*What is being asked*.
Pictures in the listing below are skipped, while the lines from the "N-ar strica sa" line through the "I’m Voting for" line are returned word for word.

*Supplied material*.
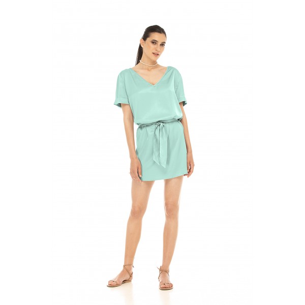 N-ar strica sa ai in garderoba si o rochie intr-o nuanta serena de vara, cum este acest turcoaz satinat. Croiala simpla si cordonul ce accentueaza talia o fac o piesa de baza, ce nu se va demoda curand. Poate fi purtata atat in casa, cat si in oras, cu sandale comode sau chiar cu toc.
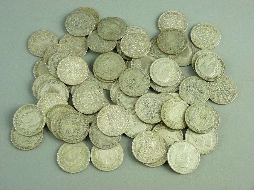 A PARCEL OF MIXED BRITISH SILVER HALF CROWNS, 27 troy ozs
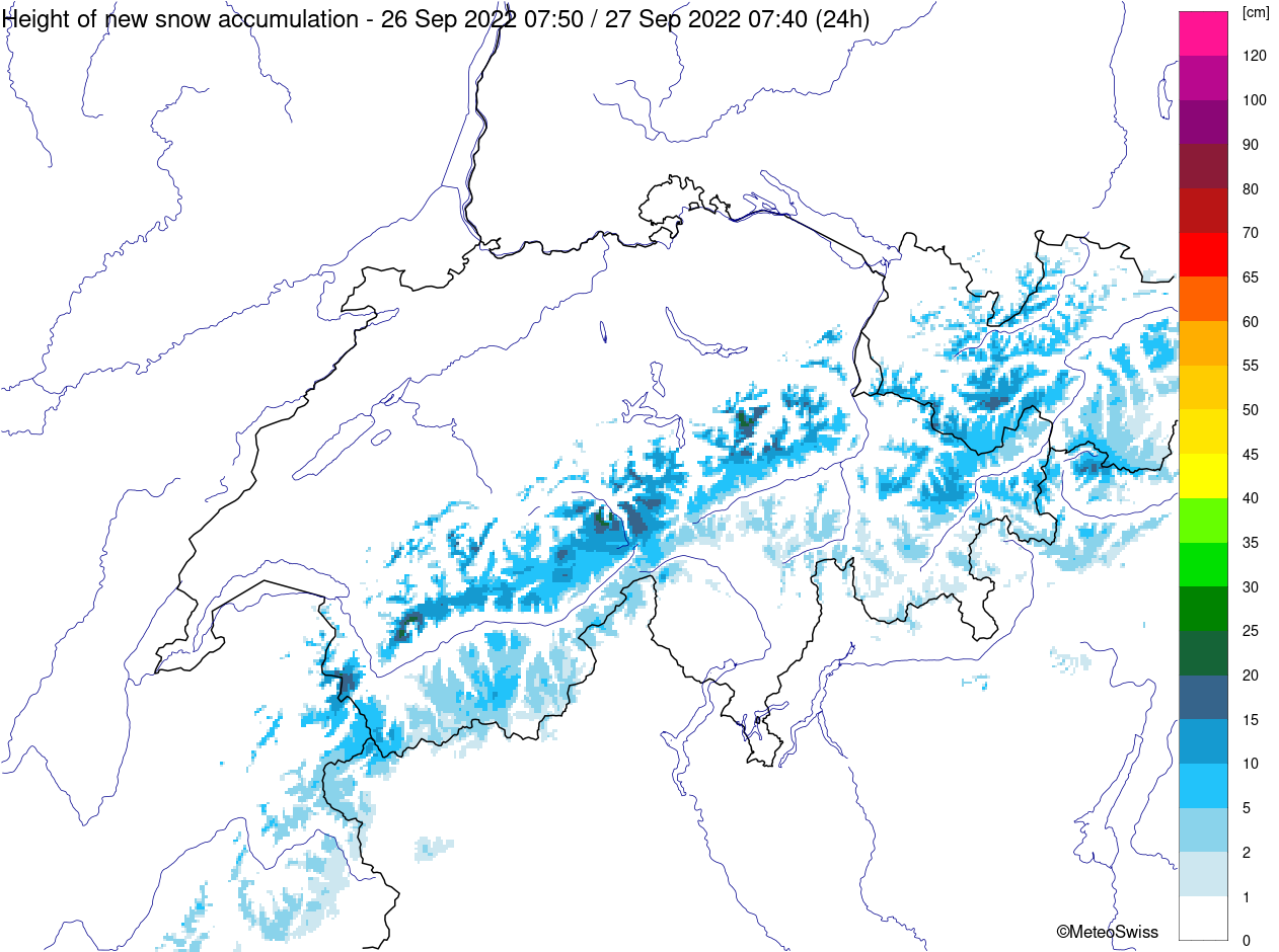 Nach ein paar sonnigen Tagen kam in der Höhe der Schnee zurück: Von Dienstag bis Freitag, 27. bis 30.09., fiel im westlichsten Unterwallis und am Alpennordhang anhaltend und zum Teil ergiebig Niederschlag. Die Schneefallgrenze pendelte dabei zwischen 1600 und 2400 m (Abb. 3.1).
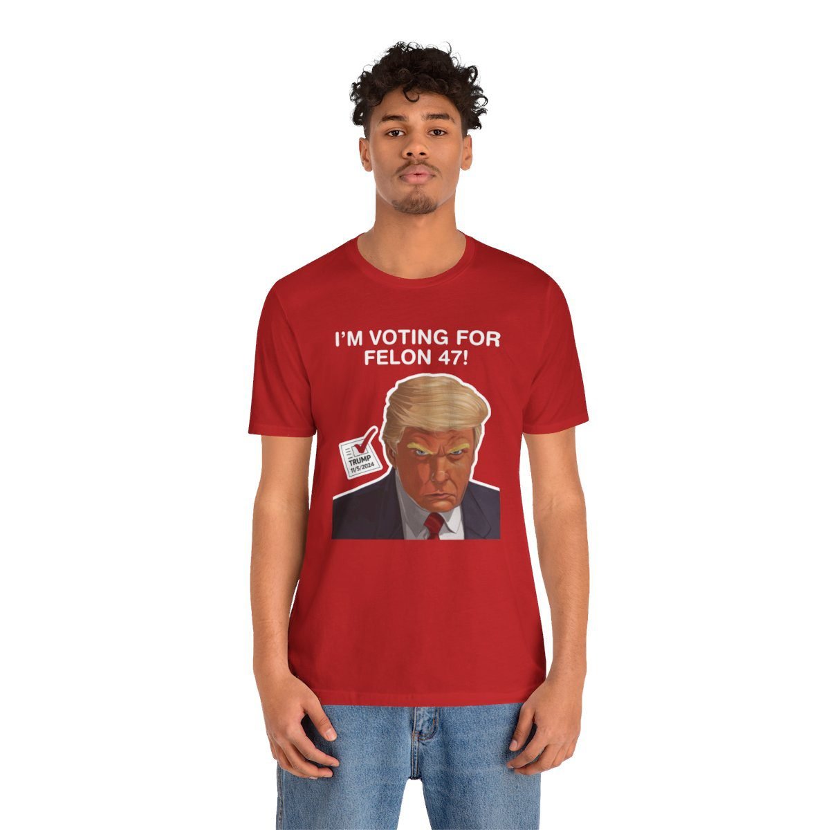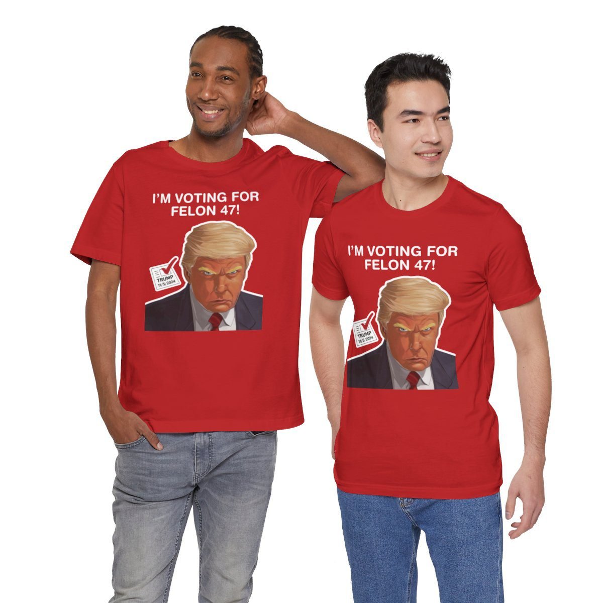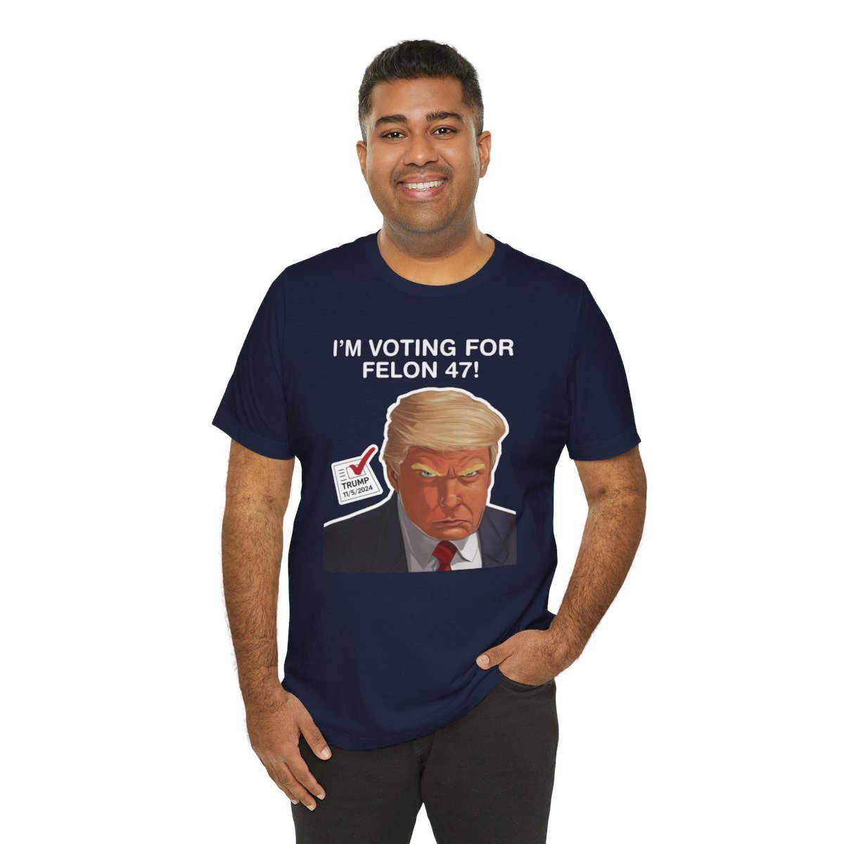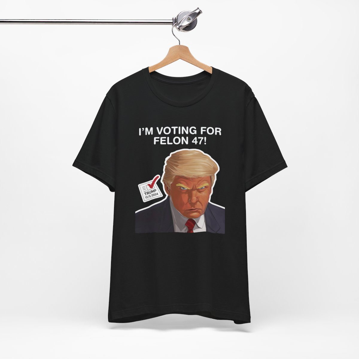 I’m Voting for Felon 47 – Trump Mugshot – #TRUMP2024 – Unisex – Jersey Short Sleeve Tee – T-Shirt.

---

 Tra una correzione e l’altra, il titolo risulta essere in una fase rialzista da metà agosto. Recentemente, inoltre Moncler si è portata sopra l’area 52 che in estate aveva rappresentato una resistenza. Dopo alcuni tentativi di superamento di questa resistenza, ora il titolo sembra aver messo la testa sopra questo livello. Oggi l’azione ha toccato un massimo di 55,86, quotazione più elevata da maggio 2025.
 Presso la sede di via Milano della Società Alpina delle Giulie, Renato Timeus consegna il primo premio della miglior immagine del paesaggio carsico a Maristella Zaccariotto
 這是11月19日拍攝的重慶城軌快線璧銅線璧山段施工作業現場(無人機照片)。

--

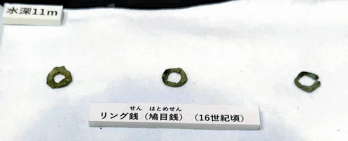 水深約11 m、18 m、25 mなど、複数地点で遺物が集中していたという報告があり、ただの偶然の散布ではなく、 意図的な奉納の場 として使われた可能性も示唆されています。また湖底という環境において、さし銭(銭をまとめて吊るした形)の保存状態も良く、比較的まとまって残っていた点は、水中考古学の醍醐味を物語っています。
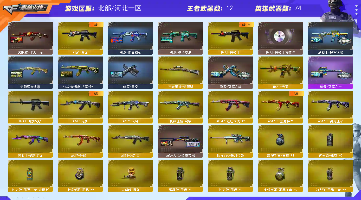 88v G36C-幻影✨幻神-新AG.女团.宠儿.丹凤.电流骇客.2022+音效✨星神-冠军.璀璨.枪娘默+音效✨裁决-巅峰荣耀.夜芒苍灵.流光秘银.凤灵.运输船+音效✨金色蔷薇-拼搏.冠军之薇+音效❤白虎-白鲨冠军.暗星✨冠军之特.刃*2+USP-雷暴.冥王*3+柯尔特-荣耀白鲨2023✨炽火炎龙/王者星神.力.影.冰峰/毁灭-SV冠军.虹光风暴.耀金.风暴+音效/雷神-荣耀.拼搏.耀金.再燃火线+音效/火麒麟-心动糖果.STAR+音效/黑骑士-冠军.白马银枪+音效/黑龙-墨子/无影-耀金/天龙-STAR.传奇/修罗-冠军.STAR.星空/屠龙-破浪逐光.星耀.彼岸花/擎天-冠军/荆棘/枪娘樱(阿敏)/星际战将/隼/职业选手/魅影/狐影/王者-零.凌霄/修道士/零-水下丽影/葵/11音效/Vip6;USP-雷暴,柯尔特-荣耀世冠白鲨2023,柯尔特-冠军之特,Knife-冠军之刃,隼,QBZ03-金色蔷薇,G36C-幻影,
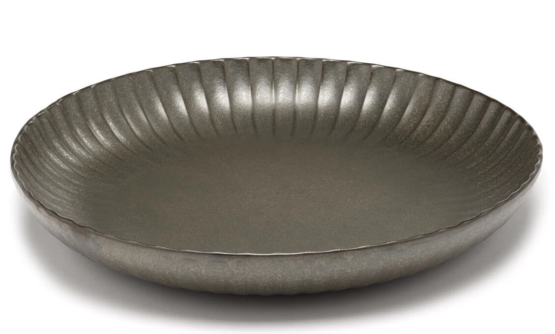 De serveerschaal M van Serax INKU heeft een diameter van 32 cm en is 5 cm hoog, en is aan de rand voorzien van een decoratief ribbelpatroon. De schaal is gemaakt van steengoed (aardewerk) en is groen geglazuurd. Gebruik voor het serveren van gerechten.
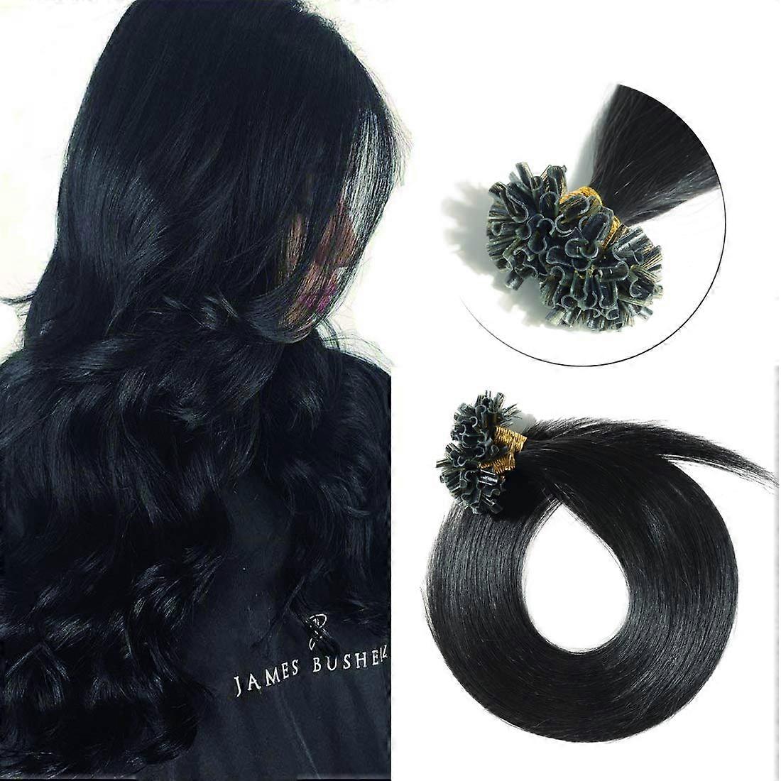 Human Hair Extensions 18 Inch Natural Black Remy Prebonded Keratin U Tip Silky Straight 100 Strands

*Response to this exercise*.
 N-ar strica sa ai in garderoba si o rochie intr-o nuanta serena de vara, cum este acest turcoaz satinat. Croiala simpla si cordonul ce accentueaza talia o fac o piesa de baza, ce nu se va demoda curand. Poate fi purtata atat in casa, cat si in oras, cu sandale comode sau chiar cu toc.
 A PARCEL OF MIXED BRITISH SILVER HALF CROWNS, 27 troy ozs
 Nach ein paar sonnigen Tagen kam in der Höhe der Schnee zurück: Von Dienstag bis Freitag, 27. bis 30.09., fiel im westlichsten Unterwallis und am Alpennordhang anhaltend und zum Teil ergiebig Niederschlag. Die Schneefallgrenze pendelte dabei zwischen 1600 und 2400 m (Abb. 3.1).
 I’m Voting for Felon 47 – Trump Mugshot – #TRUMP2024 – Unisex – Jersey Short Sleeve Tee – T-Shirt.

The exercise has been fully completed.